Today I went to the National Gallery to see the Afghanistan exhibit, because it's closing a week from Sunday. It was fine - the gold was really, really pretty - but, I don't know, it didn't blow me away.
What *was* exciting at the gallery today was the Martin Puryear retrospective. I'd never heard of this guy, but I'm a fan. He's a sculptor who works mainly in wood and makes big things, like sofa-sized and up. Most of the pieces have vaguely organic shapes. They're all lovely and warm and nice and beautifully made.
My favorite was a huge sculpture - it took up most of the space in one of the largest galleries - that was made up of a wheel, maybe 15 feet tall, attached by a very long pole to the top of a basket. (Go to the exhibit webpage, click on "gallery" and it's the second to last one in the series.)
I said to the guard, you know, I've been coming here since I was a kid, I know how to behave in museums, but I am *dying* to touch these things. He said, "You and everybody else." He said he thought the basket and wheel recall our agrarian roots, so we feel like we should be working with them. He also said he gets bored with some of the art he has to look at all day, but not this show.
Anyway, if you're in D.C., you've got until Sept 28. Go check it out! The main show is in the West Building, but there are a few pieces in the East Building, too, and one really cool one suspended in the rotunda of the West Building. If you're not in D.C., the show opens at SFMOMA in November!
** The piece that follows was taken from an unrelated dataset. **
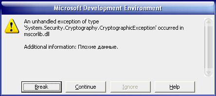 Блочные шифры применяют одно и то же преобразование к тексту, разбитому на блоки, длина которых может быть равна 8, 16, 24, 32 байтам в зависимости от криптометода. Криптосистема, предоставляемая .NET, работает по принципу построения цепочки блочных шифров (Cipher Block Chaining – CBC), которая использует ключ и вектор инициализации (Initialization Vector – IV). Простая блочная система шифрования, не использующая вектор инициализации, преобразует один и тот же блок исходного текста в тот же самый блок зашифрованного текста, т. е. безо всяких перемещений и рекомбинаций. Если у вас был дублированный блок в исходном тексте, то он появится и в зашифрованном. В результате, зная структуру исходного текста, злоумышленник может дешифровать соответствующую часть криптограммы и определить ключ шифрования. Чтобы этого избежать, в технологии CBC информация из предыдущего блока внедряется в шифруемый следующий блок. Поскольку такой подход использует предыдущий блок для шифрования следующего, то IV шифрует самый первый блок. Это позволяет защитить заголовок (первый блок), чтобы взломщик не мог использовать его для получения ключа.

Oh and to be complete, here's the tour for the Afghanistan exhibit: after here it goes to the Asian Art Museum in San Francisco, the Museum of Fine Arts in Houston, and the Met in New York. It really is special stuff - in Afghanistan's decades of turmoil, a *lot* of priceless antiquities were destroyed. The national museum was bombed. Ancient statues are now neat piles of rubble in boxes. But a few treasures were hidden in vaults in the presidential palace, and that's the gold in this show.